On 2026/03/04 13:22:54 Kevin Yang wrote:
> Hi Dennis,
>
> I would like to support by taking the callback implementation for Kubernetes 
> Executor.
>
> Thanks,
> Kevin Yang
>
> Sent from Outlook for iOS<https://aka.ms/o0ukef>
> ________________________________
> From: Sebastian Daum <[email protected]>
> Sent: Wednesday, March 4, 2026 8:15:22 AM
> To: [email protected] <[email protected]>
> Subject: Re: [DISCUSS] [CALL FOR HELP] Executor Callback support for 
> remaining executors + future callback migration
>
> Hi Dennis,
>
> I would be happy to support again and take over the Callback implementation
> for the Batch Executor.
>
> Best
> Sebastian
>
> Ferruzzi, Dennis <[email protected]> schrieb am Mi., 4. März 2026, 08:53:
>
> > Hey all,
> >
> > Airflow 3.2 introduces ExecutorCallbacks, allowing executors to run
> > synchronous callbacks (starting with Deadline Alerts). LocalExecutor and
> > CeleryExecutor support is done and tested and I'm looking for volunteers to
> > help implement the remaining executors. There's also an opportunity to
> > help migrate Airflow's existing DAG/task callbacks onto this same
> > infrastructure.
> >
> >
> > ***********************************************
> > WHAT ARE EXECUTOR CALLBACKS?
> > ***********************************************
> >
> > Deadline Alerts allow users to set a deadline on a DAG: "if this DAG isn't
> > done by this time, run this callback." If the callback is asynchronous
> > code, it goes to the Triggerer to execute. If it's synchronous code then
> > it now (as of PR #61153 [1]) gets sent to the executor and run in the
> > worker, just like a Dag task. The scheduler queues them, the executor
> > picks them up, and a supervised subprocess imports and runs the callback
> > function (that last part about the supervisor is still in PR [2]).
> >
> >
> > ******************
> > WHAT'S DONE
> > ******************
> >
> > - Core framework is all done in PR #61153 [1]. There is now a
> > ExecutorWorkload which encompasses ExecuteTask and ExecuteCallback. Some
> > work is still in progress, but Callbacks have almost all the same features
> > and "rights" as an executor Task.
> > - LocalExecutor is fully supported and tested, it'll launch in 3.2.

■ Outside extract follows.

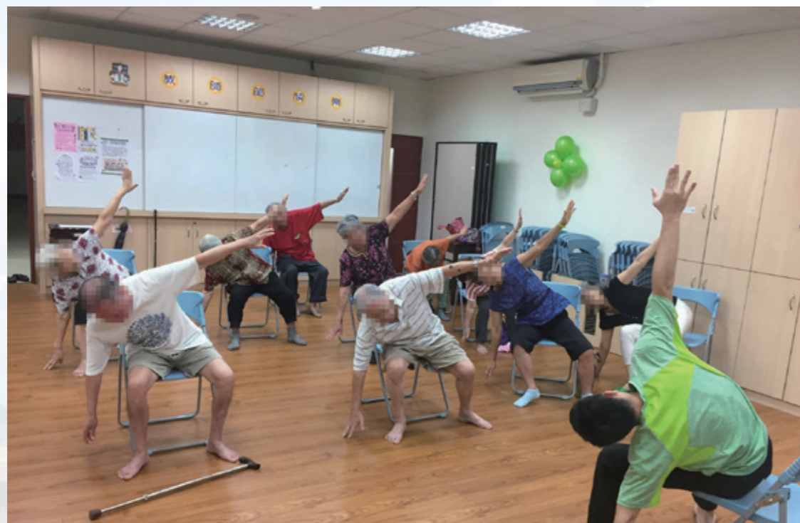
本會將辦理「健康促進活動及課程」，豐富社區照護資源(轉載自天主教失智老人基金會)

依據世界衛生組織統計結果，全球失智人口已將近五千萬人，並從每四秒增加一人提高到每三秒多一人，代表失智症問題將愈來愈嚴重，而目前專家學者推估，去年全台失智症人口已超過26萬。未來50年全台更可能突破85萬人，代表每個人都有機會成為失智症的候選人。

> > Callbacks are sent to worker processes alongside tasks, with supervised
> > subprocess execution coming [2].
> > - CeleryExecutor is fully supported and tested and will also launch in
> > 3.2. Callbacks are sent to Celery workers as workloads, executed via
> > supervise_callback.
> >
> > Those implementations serve as reference examples and should give a pretty
> > good idea how to handle the remaining work.
> >
> >
> > ******************************
> > WHERE YOU CAN HELP
> > ******************************
> >
> >
> > ****************************
> > FIVE SMALLISH TASKS
> > ****************************
> >
> > Each of the five remaining executors needs:
> > 1. Set supports_callbacks = True on the executor class.
> >
> > 2. Handle ExecuteCallback workloads in _process_workloads(). Right now
> > these executors either raise RuntimeError or NotImplementedError when they
> > see a non-Task workload. We need to implement sending the callback for
> > execution using supervise_callback() from
> > airflow.sdk.execution_time.callback_supervisor.
> >
> > 3. Add tests covering the callback execution path.
> >
> > The specific executors that need work:
> >
> > - Kubernetes Executor (CNCF provider): Needs a way to run
> > supervise_callback in a pod. May need a lightweight callback pod template
> > or reuse the existing worker pod mechanism. I don't know enough about K8S
> > to really call how complicated this will be and I can really use someone
> > with K8S experience to take this one on. I can definitely help understand
> > the existing code, but I won't be much help on the actual change
> > implementation.
> >
> > - ECS Executor (Amazon provider): Similar pattern, needs to send the
> > callback to an ECS task
> >
> > - Batch Executor (Amazon provider): Send the callback to a Batch job.
> >
> > - Lambda Executor (Amazon provider): Lambda is a simpler execution
> > model, but callback import/execution in the Lambda runtime may be a wrinkle.
> >
> > - EdgeExecutor (Edge3 provider): Send the callback to an Edge worker.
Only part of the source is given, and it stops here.